Imagine you’re a teacher assessing student performance in a math exam where scores range from 0 to 100. You’ve collected a dataset with each student’s name and their respective marks. Now, let’s delve into analyzing these scores using measures of central tendency.
Using statistical software, we calculated the mean and median scores for the dataset. The mean score, averaging around 75, suggests the typical mark obtained across all students. However, it’s essential to note that the median score, approximately 68, is slightly lower than the mean.

This difference between the mean and median indicates that some students achieved markedly high scores, pulling the mean upward relative to the median.

In real-world contexts, such as reporting income statistics, the median is often favored over the mean. This preference arises because the mean can be skewed by extreme values—like the incomes of a small number of very wealthy individuals—resulting in a misleading representation of the typical income level. Instead, the median income provides a more accurate snapshot of the center of the income distribution, reflecting what most people typically earn.

Similarly, in our exam scores dataset, the median score gives us a clearer picture of the central tendency of student performance. It represents the score at which half of the students scored below and half scored above, without being heavily influenced by extreme scores at either end.

When deciding which measure of central tendency best captures the typical observation in a numerical dataset, we often consider the characteristics of the data and our analytical goals.

The mean is widely used and provides a straightforward average of all values. However, it can be heavily influenced by extreme values or outliers, making it less suitable for skewed datasets. In such cases, the median offers a robust alternative. It represents the middle value when all observations are ordered, making it less sensitive to extreme values and thus preferred when the dataset contains outliers.
On the other hand, the mode identifies the most frequently occurring value and is particularly useful for understanding the most common category or value in categorical or discrete datasets. It’s especially handy when exploring initial properties of a dataset or when dealing with variables that have a limited number of distinct values.

Unlike the mean and median, which represent average and middle values respectively, the mode identifies the most frequently occurring value in a dataset. Calculating the mode is straightforward. You first list all values in the dataset, and then identify which value appears most frequently. This value is considered the mode.

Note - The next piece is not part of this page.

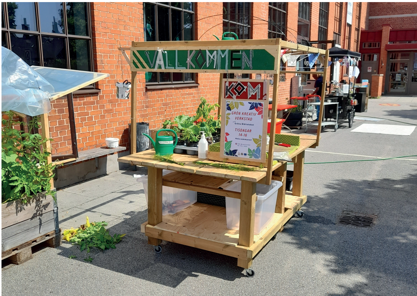
Mobil verkstadsbänk på hjul, Bibliotek Garaget, Malmö.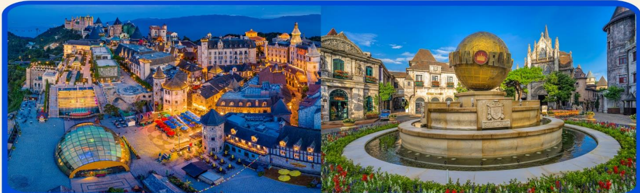
พักผ่อน บานาฮิลล์ 1 คืน

In practice, statistical software is often used to calculate the mode, especially when dealing with large datasets. Just as we rely on software for calculating the mean and median efficiently, using statistical tools ensures accuracy and saves time in identifying the mode, particularly in datasets with numerous observations.

The mode offers valuable insights into the typical or predominant value within a dataset. It’s particularly useful in scenarios where identifying the most common occurrence is important, such as in analyzing consumer preferences, exam scores, or product sales data.

Advantage and Disadvantage
One of the key advantages of the mode is its resilience against extreme values, similar to the median. Unlike the mean, which can be heavily influenced by outliers, the mode remains relatively unaffected. This makes it a robust measure when dealing with datasets that contain extreme values or skewed distributions.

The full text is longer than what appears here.